→ **Collected material**
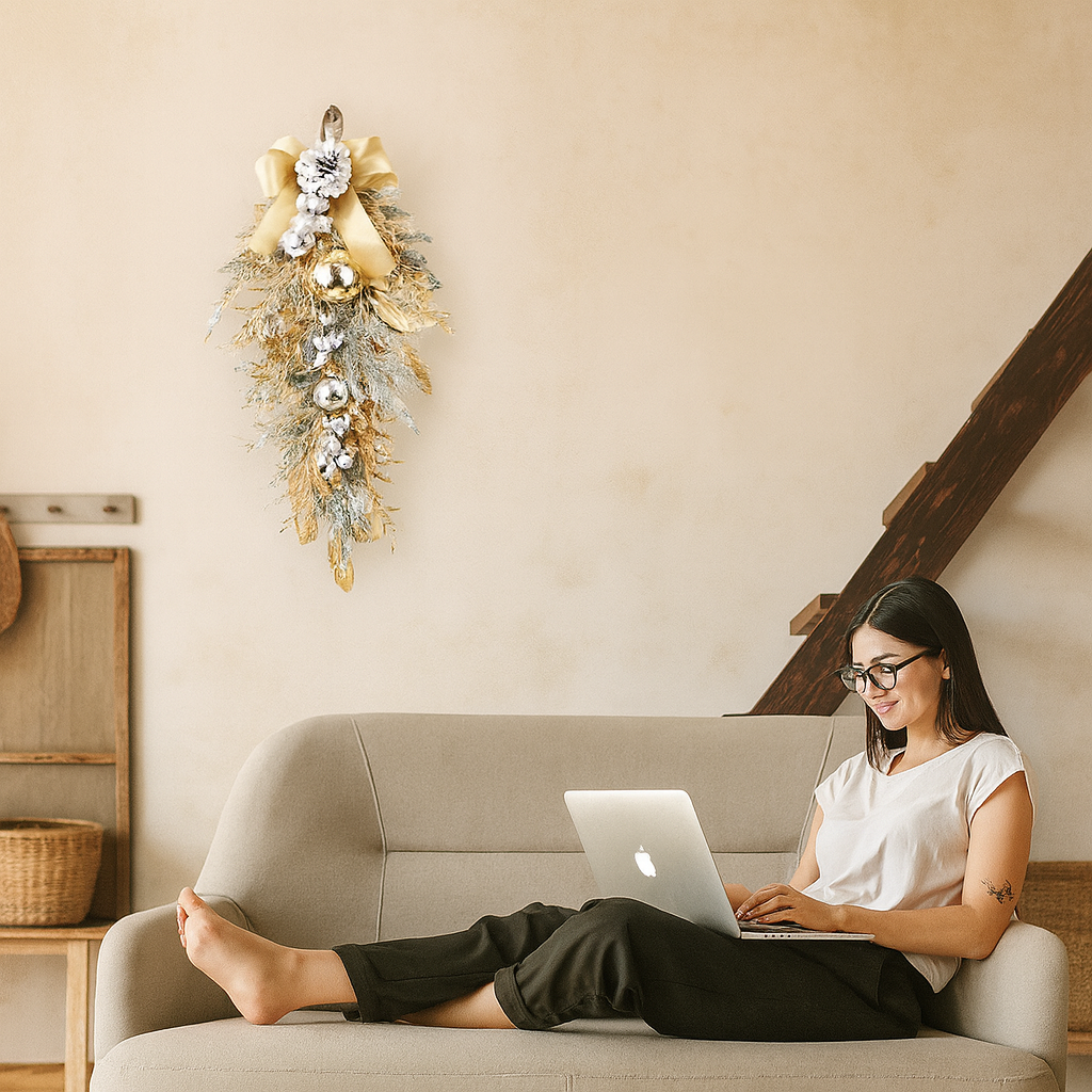 Accueillez la magie des fêtes dans votre foyer avec le Noellea | Goutte décorative festive. Cette décoration de Noël transforme instantanément votre porte d’entrée ou votre mur en un point fort chaleureux et accueillant. Grâce à ses textures raffinées et ses détails scintillants, elle capture l’essence même de Noël et crée une atmosphère festive pour vous et vos invités.
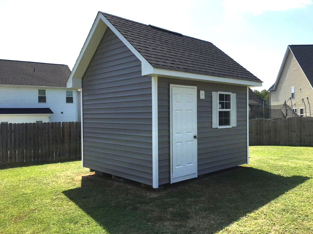 This shed can be built with HardiePlank (Cedarmill) siding, vinyl siding (CertainTeed Mainstreet D5 straight), or Smart Side panel siding. We use Tyvek (generic) house wrap before applying Hardiplank or vinyl siding. All vinyl-sided sheds have their eaves wrapped in trim coil standard. Available in sizes 8′ x 8′ up to 16′ x 24′.
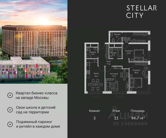 Продается квартира от надежного застройщика Tashir Estate в квартале бизнес-класса Stellar City в ЗАО Москвы. Площадь квартиры составляет: 100.5 кв. м, потолки: 2.9 м Квартира находится на 13 этаже, 4 корпуса жилого квартала Stellar City — микрогорода будущего на орбите Москвы. Stellar City — квартал в ЗАО Москвы вблизи инновационного центра Сколково. В окружении — 11 парков и природных зон, в том числе Долина реки Сетунь, Мещерский лес и парк развлечений The Rink. Город в городе Чтобы дом и инфраструктура вокруг отвечала динамичному лайфстайлу жителя мегаполиса, в основу проекта легла концепция город в городе, которая позволяет решать все бытовые вопросы in-home. В квартале будут возведены школа и детский сад, воркаут-зоны, променад, вело и беговые дорожки, детские площадки для каждого корпуса, а также коммерция на первых этажах для ежедневных покупок. Все необходимое — на расстоянии нескольких шагов. Изящные и лаконичные лобби Авторский дизайн, натуральные материалы в отделке и безупречный интерьер вне времени. Лобби и холлы в проекте бизнес-класса Stellar City ничем не отличаются от входных групп в премиум-сегменте благодаря качественным европейским материалам в отделке, стильному дизайну, консьерж-сервису и уютной зоне ожидания с журнальными столиками и мягкой мебелью. Комфорт и безопасность Закрытая территория, охрана, система СКУД, специально разработанное мобильное приложение дома для резидентов и подземный паркинг с круглосуточным наблюдением и доступом с помощью автоматического считывания номера авто.
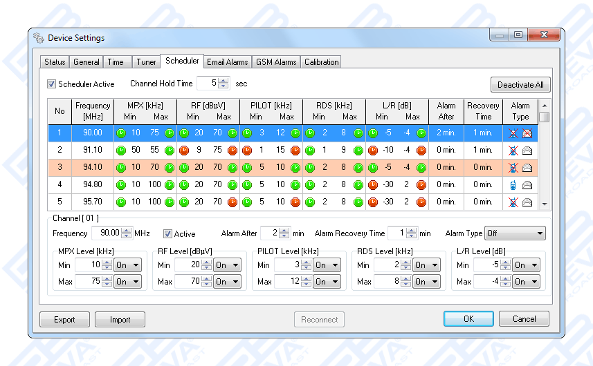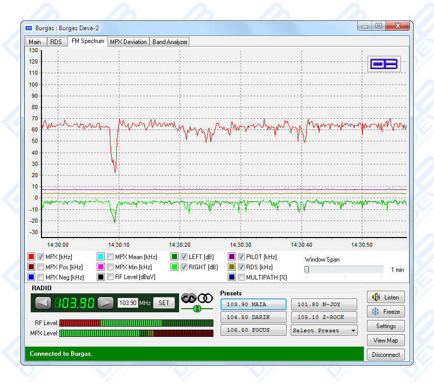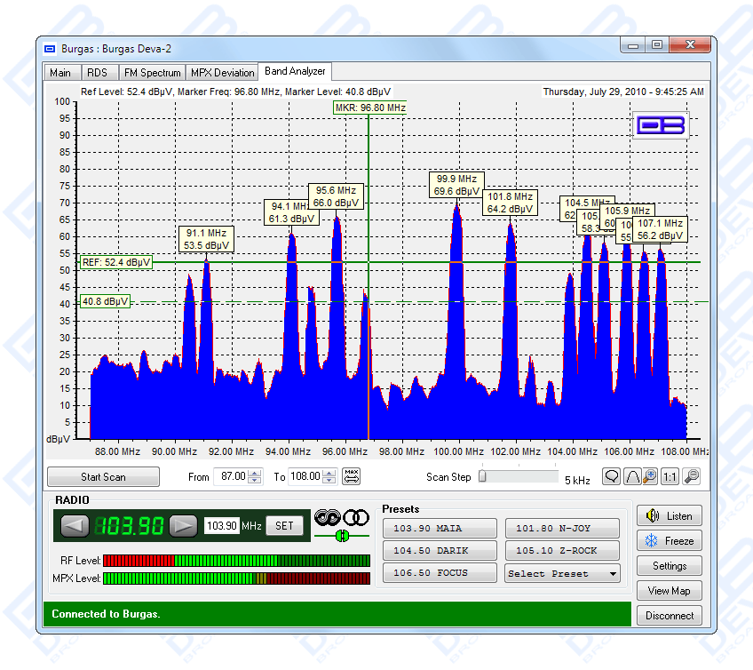 DB4000’s Server System is the best solution for the management of multi-site remote DB4000 devices. It is a server-based system that can manage alarms, measurements and data from the field units. The controlling software offers a very intuitive interface to create schedules for full control of a single or a number of monitored radio stations. The Band Analyzer function presents an overview of all the FM parameters together with the RF signal strength of the station. The Band Scanning is possible within FM band limits. The generated spectrum diagram shows the RF Level vs. the Frequency.

→ **What you will do**
Give back the lines word for word, from the very first in the material above to the one that has "This shed can", both included, without the pictures.

→ **Exercise solution**
 Accueillez la magie des fêtes dans votre foyer avec le Noellea | Goutte décorative festive. Cette décoration de Noël transforme instantanément votre porte d’entrée ou votre mur en un point fort chaleureux et accueillant. Grâce à ses textures raffinées et ses détails scintillants, elle capture l’essence même de Noël et crée une atmosphère festive pour vous et vos invités.
 This shed can be built with HardiePlank (Cedarmill) siding, vinyl siding (CertainTeed Mainstreet D5 straight), or Smart Side panel siding. We use Tyvek (generic) house wrap before applying Hardiplank or vinyl siding. All vinyl-sided sheds have their eaves wrapped in trim coil standard. Available in sizes 8′ x 8′ up to 16′ x 24′.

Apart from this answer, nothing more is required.